‘Prohibitive’ Global Crypto Capital Norms Could ‘Derail’ Market, TradFi Groups Say

Banks want to see caps on bitcoin holdings increased fivefold under planned global standards

AccessTimeIconOct 4, 2022 at 12:00 p.m. UTC
Updated Oct 4, 2022 at 2:19 p.m. UTC

Jack Schickler is a CoinDesk reporter focused on crypto regulations, based in Brussels, Belgium. He doesn’t own any crypto.

“Prohibitive” caps on crypto holdings could derail innovations using distributed ledger technology, a coalition of eight traditional finance (TradFi) lobby groups told international standard-setters in a document published Tuesday.

The Basel Committee on Banking Supervision – a grouping of international regulators responsible for ensuring banks issue enough capital to cover financial risks – is developing rules that could prove crucial to the adoption of crypto by the TradFi sector.

In June, the Committee proposed that a lender’s exposure to unbacked currencies like bitcoin and ether should never be allowed to exceed 1% of core capital.

That hard cap is “prohibitive and should be recalibrated,” TradFi representatives, including the Global Financial Markets Association and Institute for International Finance, said in response to the consultation, which closed on Friday.

If the issue isn’t addressed, “it may not be economically viable and rational to make the investments necessary to facilitate clients’ needs on crypto asset-related activities, which likely would result in a shift of activity in this space to the nonbank sector,” which is less regulated, the document said.

The lobby groups, which also include the Futures Industry Association, the International Swaps and Derivatives Association, the International Securities Lending Association, the Bank Policy Institute, the International Capital Markets Association, and the Financial Services Forum, want to see the cap raised from 1% to 5% of a bank’s Tier 1 capital – the core financial instruments issued by the bank – and for supervisors to look at net positions rather than gross.

The Basel Committee proposed simply adding together all individual crypto exposures to calculate if the cap is breached.
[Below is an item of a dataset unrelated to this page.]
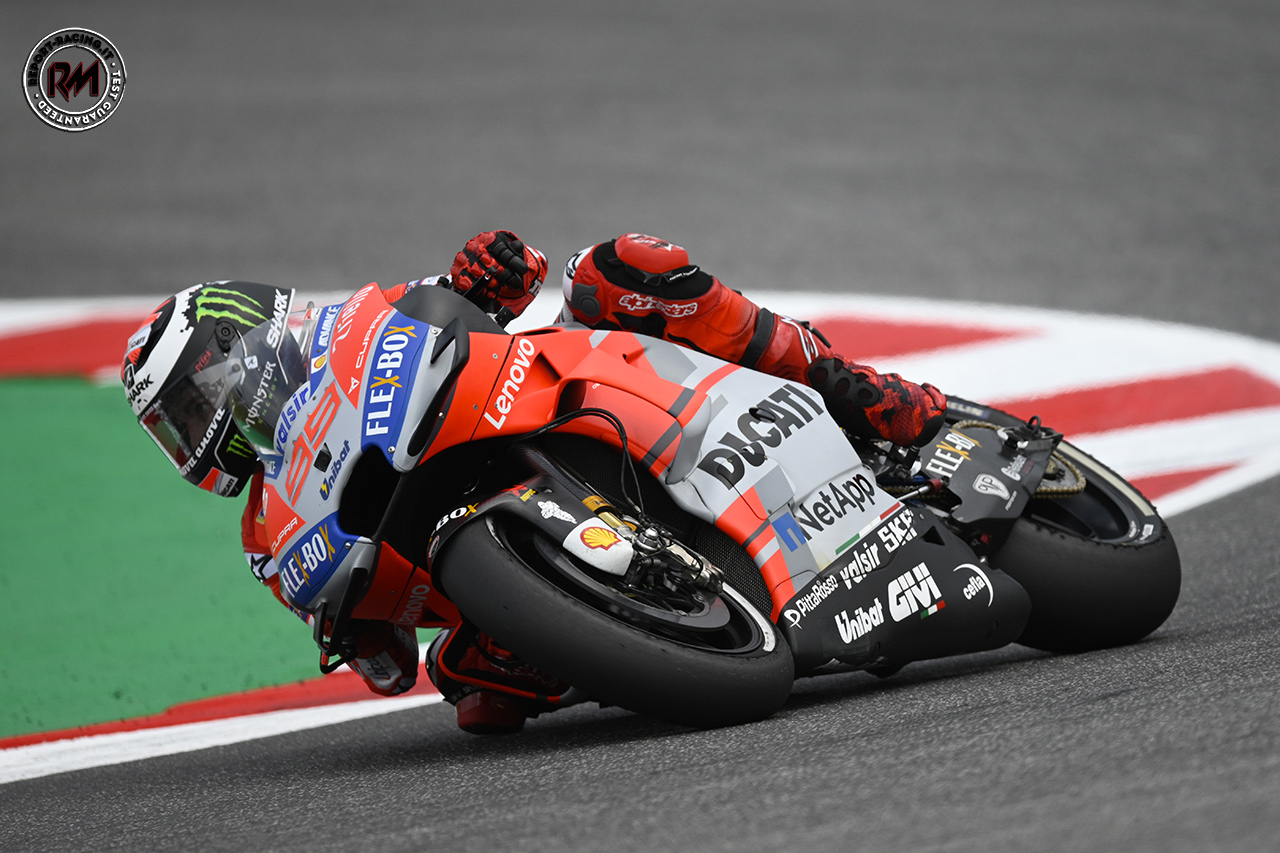Misano è un circuito dove la simbiosi moto / pilota deve esser perfetta per andare forte, Jorge Lorenzo e la sua Ducati Desmosedici GP sono in grande armonia, dalle prime libere si capisce che sarà lui l’uomo da battere.

But the industry argues that positions which are long and short can actually balance each other out, insulating a lender from price volatility.

For crypto assets regarded as more stable – such as tokenized securities and stablecoins backed by fiat currency – the Committee said it wanted an extra capital charge to reflect the “various unforeseen risks” of infrastructure based on distributed ledger technology (DLT).

But, the lobbyists’ document said the extra 2.5% capital charge for infrastructure risk “could derail the market” and “would make the decision to engage in DLT infrastructure unattractive.”

Jurisdictions such as the European Union have already legislated to allow trials of securities trading using the blockchain – an experiment which is due to begin early next year.

The Basel Committee’s proposals follow an earlier consultation from June 2021, which met with a volley of criticism for discouraging crypto use by treating it as the riskiest possible kind of asset. The second proposal added the new 1% cap, but also offered a more relaxed treatment when financial instruments are used to cut risk, a practice known as hedging.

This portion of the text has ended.